Isaiah the Solitary (? – 11 August 491), also known as Isaiah of Gaza, Isaias or Isaiah the Solitary, Abba Isaiah, or possibly also Isaiah of Scetis, was a Christian ascetic and monastic writer known from the Sayings of the Desert Fathers and various Palestinian Miaphysite sources. He is canonized as a saint by the Coptic Orthodox Church, with his feast day on the 11th day of the month Abib (Epip) in the Coptic calendar.

His work "On Guarding the Intellect" can be found in the Philokalia.

Life 
Isaiah the Solitary lived in asceticism on a mountain in Egypt then moved to Palestine.
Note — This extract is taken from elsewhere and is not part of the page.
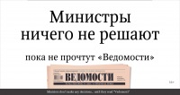 | Описание | Деловое издание «Ведомости» – это источник важной и объективной деловой информации, материалы в котором помогут принять верное бизнес-решение. Мы доносим эту мысль при помощи провокационных сообщений, в которых обыгрываем российскую реальность, где даже представители власти и крупного бизнеса не принимают самостоятельных решений без одобрения Кремля. |
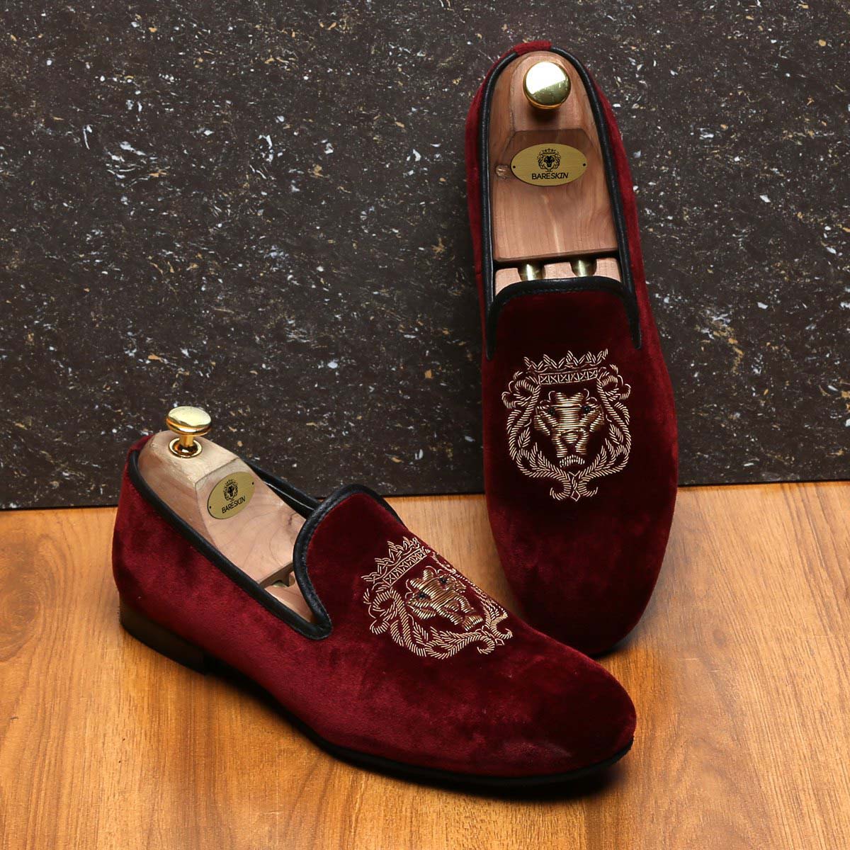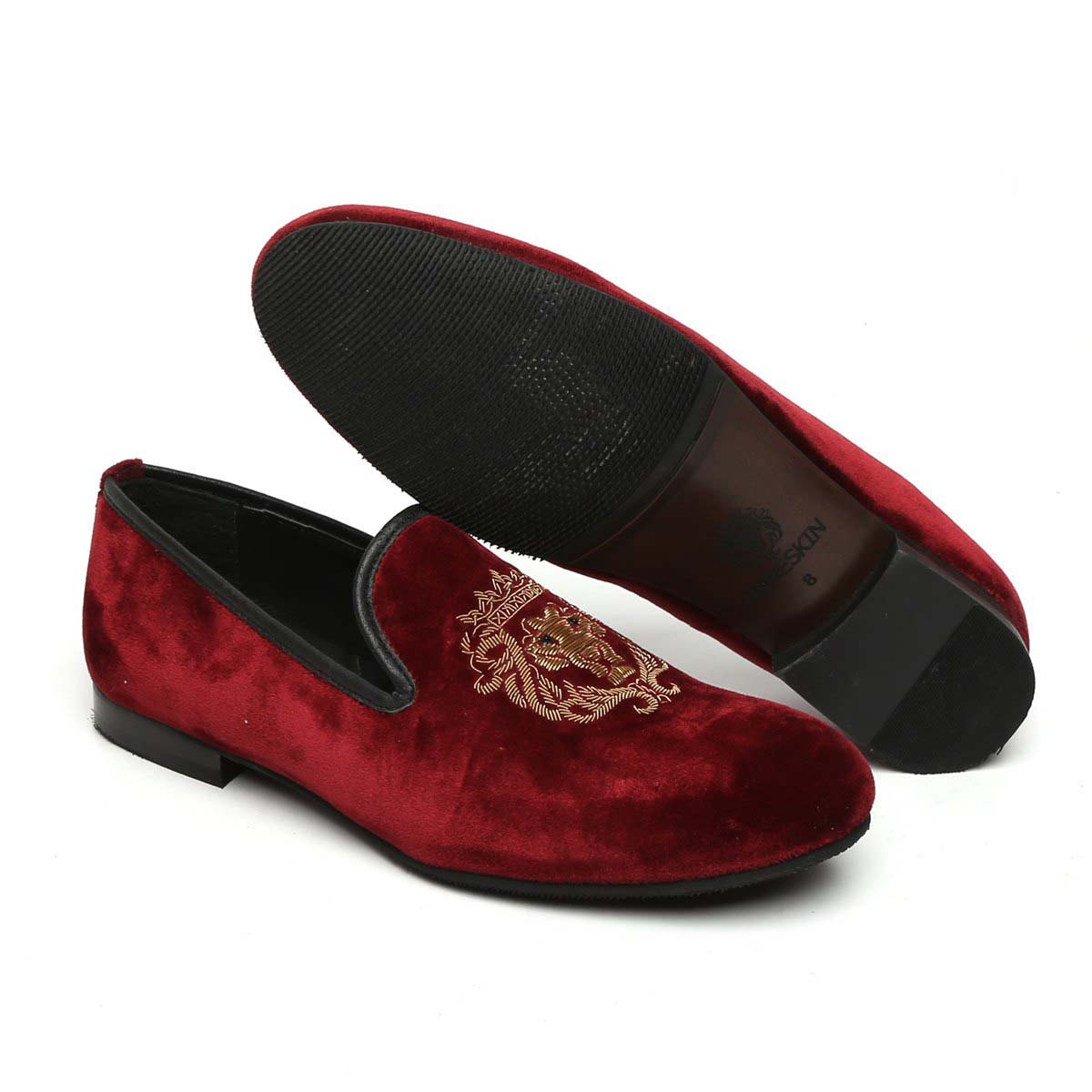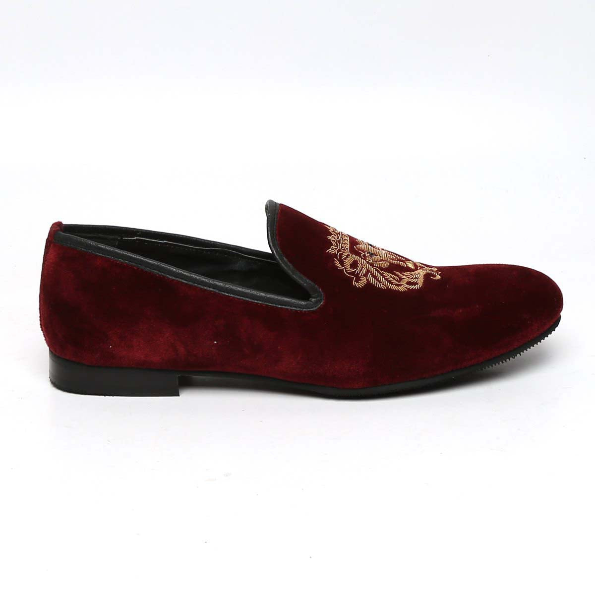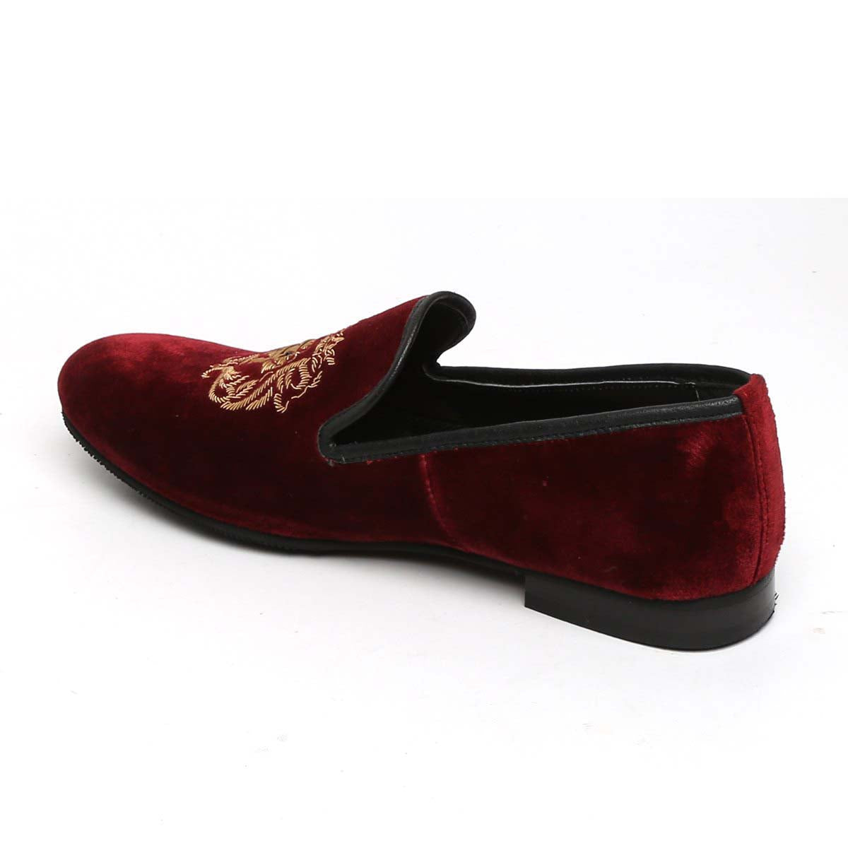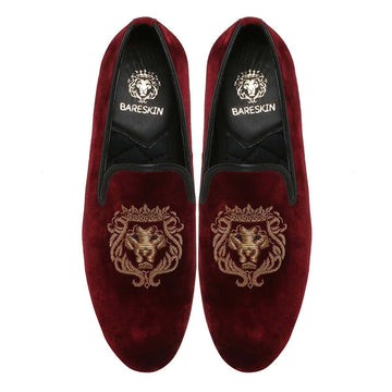 The Brune & Bareskin Lion logo Zardosi collection is one of a very elite collection. The Lion hand zardosi in golden color looks fantastic. The special bead eyes enhance the appearance. This special zardosi is done by the most experienced hands of the Industry. This can be customized further to match the apparel's theme of your choice. The richness of red Italian velvet slip on shoes compliments the well dressed man. This smooth Velvet Black Slip-on gives an elite style and debonair look. This is an amazing addition to your wardrobe.

Although he was active in Gaza (as he was quoted by Barsanuphius of Gaza), Isaiah was a product of the Egyptian monasticism which had developed in the 4th century in the Kellia (Cells) of the desert of Scetes, where he was first a monk. He lived in Egypt during the early 400s.

Much of Isaiah's writings were instructive for monks and solitaries. Very few of his writings are extant, as the majority of them have been destroyed by Muslims.

Isaiah was also influential in bringing Christianity to Palestine.

He died as a hermit in a monastery near Gaza on 11 August 491.

Writings 
Many of Isaiah's works have been lost. The Asceticon, a collection of about 30 discourses on Christian asceticism, was especially popular in the Eastern Orthodox monastic tradition, and has survived in many translations in Syriac (6th century), Coptic (6th century), Ethiopic (8th century, translation from Coptic), Armenian (8th century), Arabic, and Georgian (of which only logoi 3, 7, 23, and 27 have survived). The Syriac version of his Asceticon, which is only a partial translation of the original Greek text, has been translated into French.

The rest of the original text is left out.